Aujourd'hui que je connais la réalité des faits – qui ont finalement été démasqués en 2004 après de douloureux soubresauts entre 1987 et 1989 -, il y a de quoi rire… ou pleurer dans la vision que mon père avait de la famille. D'autant que, déjà, à cette époque, et jusqu'aux derniers jours où il a eu un point d'ancrage puissant au sein de mon existence, il ne s'est jamais intéressé, ni à moi, ni à ma sœur, ni à mon frère cadet. Les seuls moments où il a daigné se pencher sur nous, c'était lorsque nous faisions – comme tous les gamins de notre âge – des bêtises. La pire menace que ma mère pouvait nous faire dans ce genre de circonstances, c'était : « Si vous ne m'obéissez pas, je vais appeler votre père. Et quand elle mettait sa menace à exécution, ce qui advenait de temps à autre, il se mettait dans une colère apocalyptique qui, personnellement, me tétanisait sur place. Pour le quotidien : devoirs, centres d'intérêts, activités diverses et variées, courses, etc., seule ma mère en était chargée. Lui s'en désintéressait, estimant que ce n'était pas de son ressort. 

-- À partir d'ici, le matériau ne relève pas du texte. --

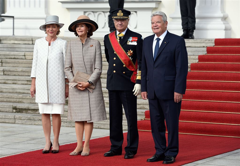 Bij slot Bellevue werden Carl Gustaf en Silvia ontvangen door Gauck en zijn partner. In de ambtswoning van de bondspresident kreeg het Zweedse paar een receptieceremonie. Carl Gustaf en Silvia tekenden het gastenboek van slot Bellevue en namen cadeautjes in ontvangst. Nadien vond een gesprek plaats waarbij ook de Zweedse minister van Buitenlandse Zaken Margot Wallström en de Zweedse ambassadeur Lars Danielsson aanschoven.

De fait, c'est pourquoi je comprends que ma mère ait vue une c certaine échappatoire quand ma sœur s'est prise de passion pour l'équitation. C'est pourquoi elle l'a soutenue, aidée, encouragée, épaulée, à mener sa vocation jusqu'à son terme. Aujourd'hui, ma mère est fière et heureuse que ma sœur ait accompli son parcours professionnel comme elle l'entendait. Je suppose qu'elle se voit à travers elle. Je pense qu'elle s'imagine quelle voie elle aurait pu prendre si mon père et les événements me concernant, ne l'avaient pas obligé à mettre un terme à ses rêves. C'est aussi pour cela qu'aujourd'hui encore, malgré qu'elle ait soixante-dix ans, ma mère continue d'aller régulièrement au club hippique de ma sœur afin de l'aider dans la mesure de ses possibilités et de ses capacités.